Sadness, our collective grief, comes to visit us at last, in small waves or crashing tsunamis. Since the passing of my father, sadness has often sucker-punched me with the thought: It should not be this way.

It should not be this way. Weddings should be large-scale celebrations; small businesses thriving; elders smothering their grandbabies in protested sloppy kisses; classrooms bursting with life; 2020 Grads centre-stage; our dying held by loving, familiar hands; our dead mourned in person.

But, at least, on the bright side, it is what it is…No! Acceptance will come later. Our grief must have its due. If we say things are okay when they aren’t, we make it more difficult for countless others to honour their personal heartbreak. When I deny my pain, I become far less empathetic to Farmer Charlie mourning the loss of “coffee-row” or Debutant Debbie with her last two eyelash extensions. In her LIVE discussions, Dr. Jody Carrington often emphasizes: Our sadness is not comparative. Whatever makes our bones shake with rattling sobs or quiet whimpers, it is valid. Right now, we are all grieving something. Only when we sit at the bottom of our individual (but united) well of sadness can we begin to climb again.

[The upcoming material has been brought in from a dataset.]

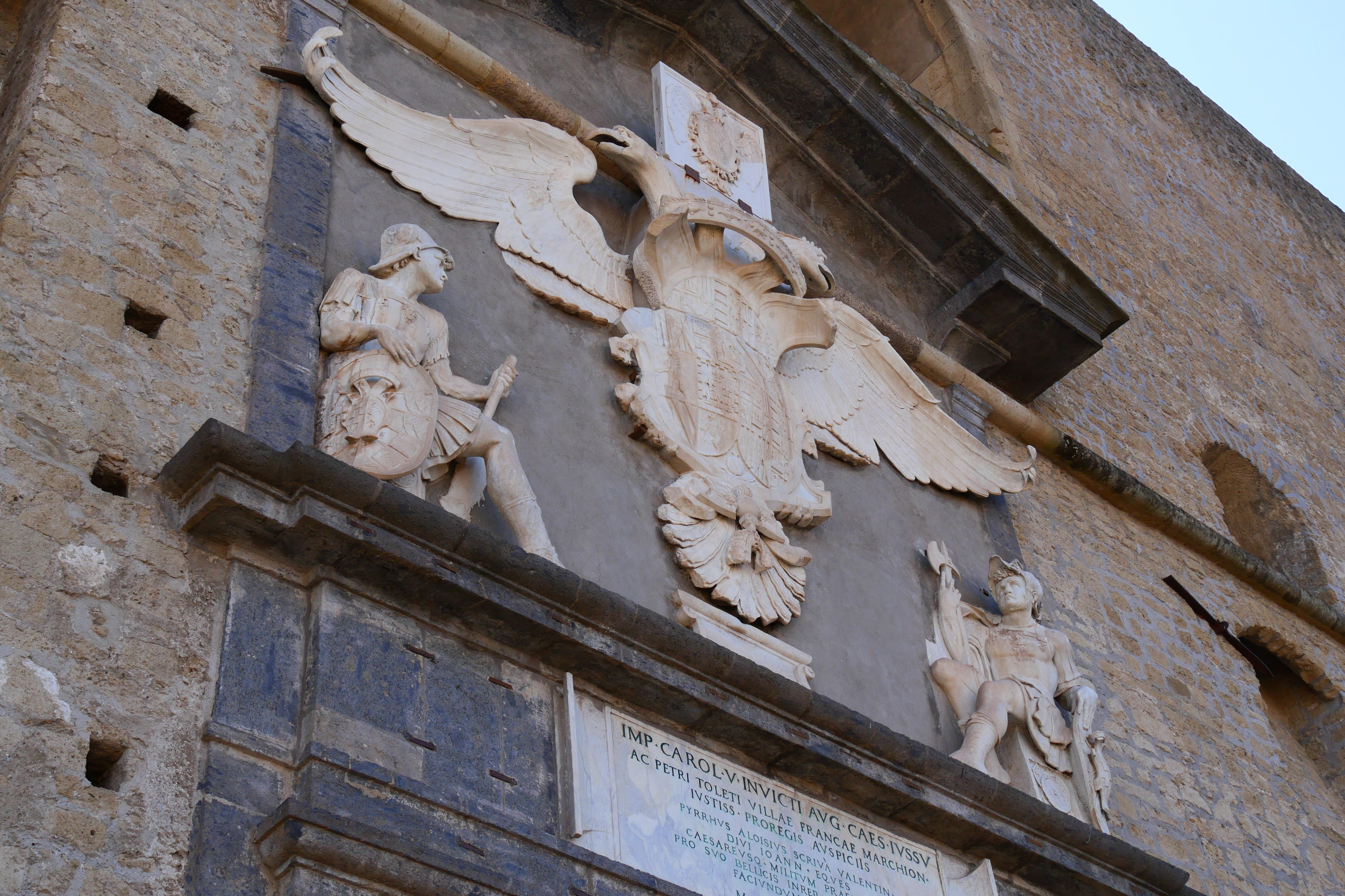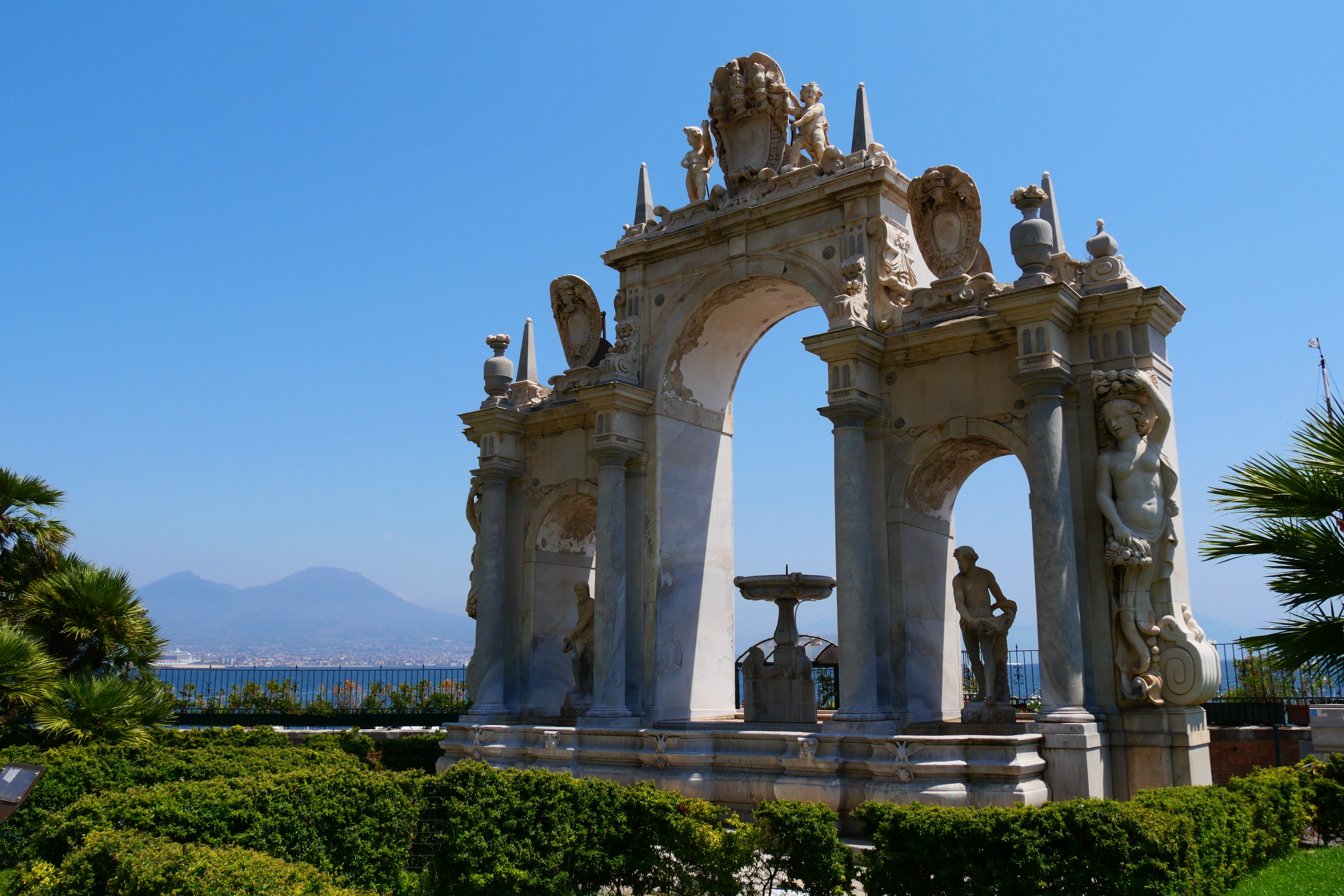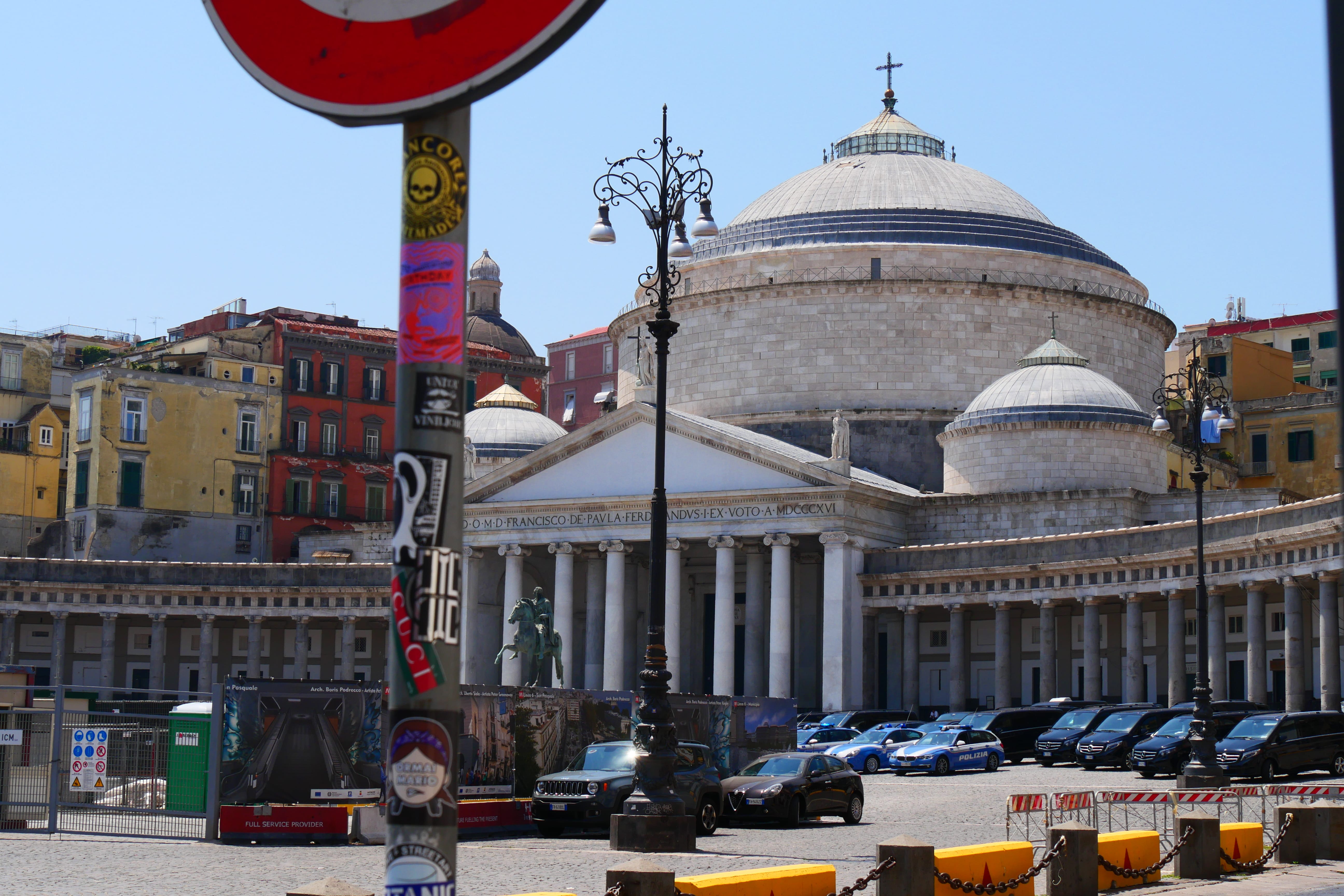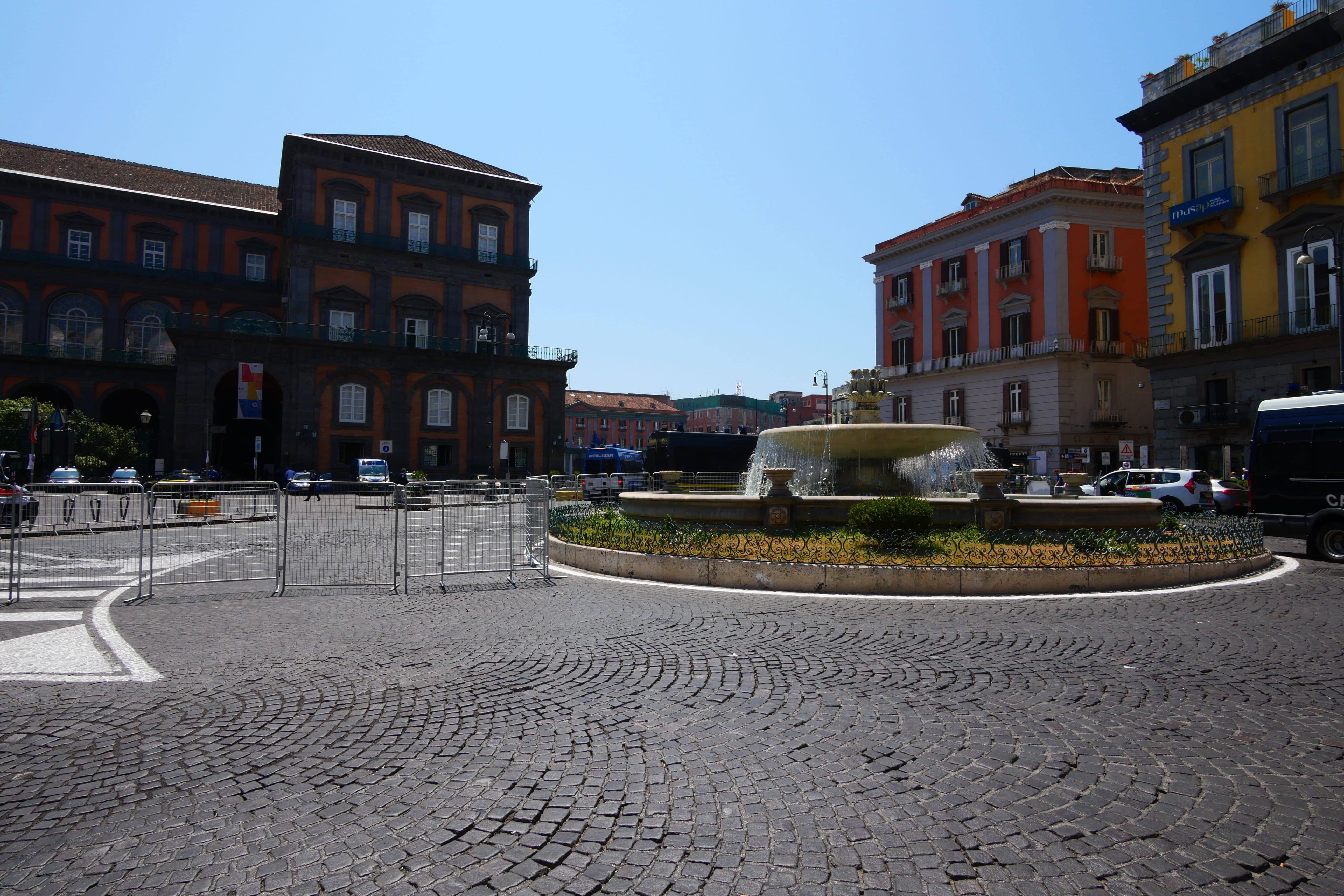 Impossible de venir à Naples sans y manger une vraie pizza napolitaine. Impossible également de faire le tri pour savoir où il serait mieux d’aller la trouver. Nous avons donc fait un choix de proximité. Puisque nous étions tout près de la Piazza del Plebiscito, nous avons sélectionné la Pizzeria Pavia à quelques dizaines de mètres de là. Se trouvant dans une ruelle à l’écart, elle était très petite, peu voire pas fréquentée par les touristes, et pratiquait des prix défiant toute concurrence. Une pizza Margherita toute simple à 3,50€ et une pizza Capricciosa à 6,50€ plus tard, satisfait de notre repas et de cette expérience, nous repartons en direction de la mer. Se dressent sur le front de mer deux châteaux : le Castel dell’ Ovo et le Castel Nuovo. Le premier est un château fort construit pour la première fois au VIIe siècle, le plus ancien de Naples. Le second, date de l’époque médiéval et a une structure plus gothique et plus particulière avec ses 5 tours.

Until very recently, the final stage outlined by Kübler-Ross was acceptance. The loss of possibly millions will never be acceptable. We will never be the same. When my father passed away, I instantly knew these truths. After the Coronavirus, moments of denial, bargaining, anger, and sadness will continue to flair as long as memories hold. Acceptance- with time and grace- will soften each reoccurring blow. Once the storm has passed, we must acknowledge the value of each stage as we mourn. Thankfully, humans are designed to adapt, hope, rebuild. The questions will become:

What is it we want to rebuild? Which pieces are worth saving? What did our collective loss reveal?

How beautifully these questions fit with David Kessler’s newly developed sixth stage: meaning. When I took my fitful iso-walk, I was completely unaware of his new book, Finding Meaning. My memory vibrated with his words: “Loss is simply what happens to you in life. Meaning is what you make happen.” There will come a time, after each stage has been properly honoured, when we must individually choose to stay seated or rise. We can never move on, but we can move forward. How do we want to step into the world once the virus particles settle?

I choose to look for the “meaning makers.” Across the globe I see people moving forward: Balcony operettas, TikTok dancing doctors and nurses, hopeful window messages, LIVE stream connection hours, simple and large-scale acts of charity. With gratitude, I see single moms and dads doing it all with no break or recognition; small businesses adapting to survive; frontline workers risking their health for humanity. The stages of grief are not foreign to these people, and yet meaning and hope are happening as they simply carry on. My “meaning” enables me to see the best in us while acknowledging the worst. Your “meaning” may vary from frequently hugging loved ones to studying medicine. Our meaning will be as individual as our grief.

Looking at people through the lens of united yet individual grief allowed compassion to enter my heart in a senseless time. Viewing people’s actions through a compassionate lens does not condone those actions; it doesn’t say: “Please, continue processing this by partying and hoarding!” It simply means seeing people as human beings, imperfect, messy, but nonetheless worthy of and desperate for love. After all, we are in this together although we are far apart.

*If you or a loved one is dealing with anxiety, depression, suicidal ideation or suicidal intent, please reach out to the numerous health resources available. You are seen and loved.